Life's  a party wear the hats.

Thursday, August 4, 2011

It's chin time!!

  Hahaha that's what my friends and I are calling it. Surgery is in a couple of hours, I'm hoping excitement will continue to beat out nerves and anxiety now. Every surgery I've had I bring this little unicorn I have, it's a  beanie babie and  I named him Trusty (to be my trusty steed) and we have fun with him at the hospitals taking pictures of Trusty in the windows, on the machines, eating/drinking my food etc. Hopefully I will be smart enough to load pictures up here and I can show you them. Also I hope they let me take him back there with me.

  Well, Trusty and I are off! Jaw surgery here we come!

  By the way, anyone else think it cool I'm having Jaw Surgery during Shark Week? Gave me a kick.
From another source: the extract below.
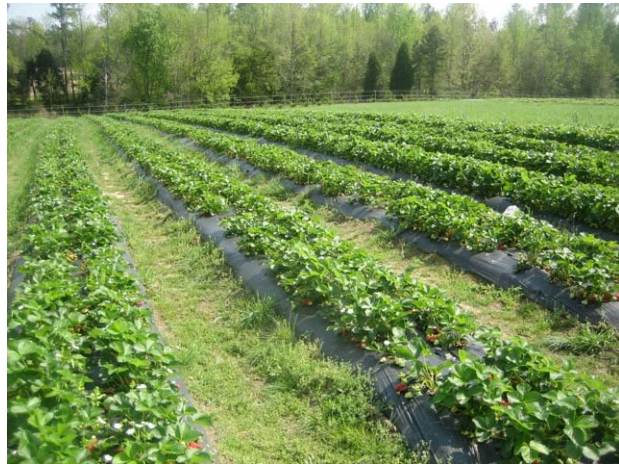
Right - The Strawberry fields at Whitted-Bowers Farm

WHITTED BOWERS FARM Certified Organic and Certified Biodynamic Heirloom Fruit and Specialty Vegetables 8707 Art Road Cedar Grove, NC 27231 919.732.5132 www.whittedbowersfarm.com

Life's a party wear the hats

Niki :)

Wednesday, August 3, 2011

Goodness Gracious

  Surgery is tomorrow.

  Weird, but exciting. In all honesty I'm more nervous than I'd like to admit, but I  hear that's normal. I have my surgical hooks/meeting with my new orthodontist/final meeting with Dr. T today at 11, I live an hour away from the office, but I go to school in that same city so travel time is no big deal. Now tomorrow, if I have to be there at 5am travel time will be a big deal. Hahaha, all for the cause though. Ok, something that's befuddling me: I keep having dreams about the surgery, not like nightmares, or happy fluffy clouds and cats dreams, weird crazy dreams. Like the other night, my dream was I was in the pre-op room and the nurses told me "don't sneeze or you will ruin everything." pretty sure they made me sign a waver too. I woke up and laughed.  It was odd, and by the way I told my mom about it, and she said I can't literally sneeze whilst under the anesthesia (she is a nurse herself). Hopefully this gave you guys a giggle. Did anyone else have this happen to them, any crazy dreams?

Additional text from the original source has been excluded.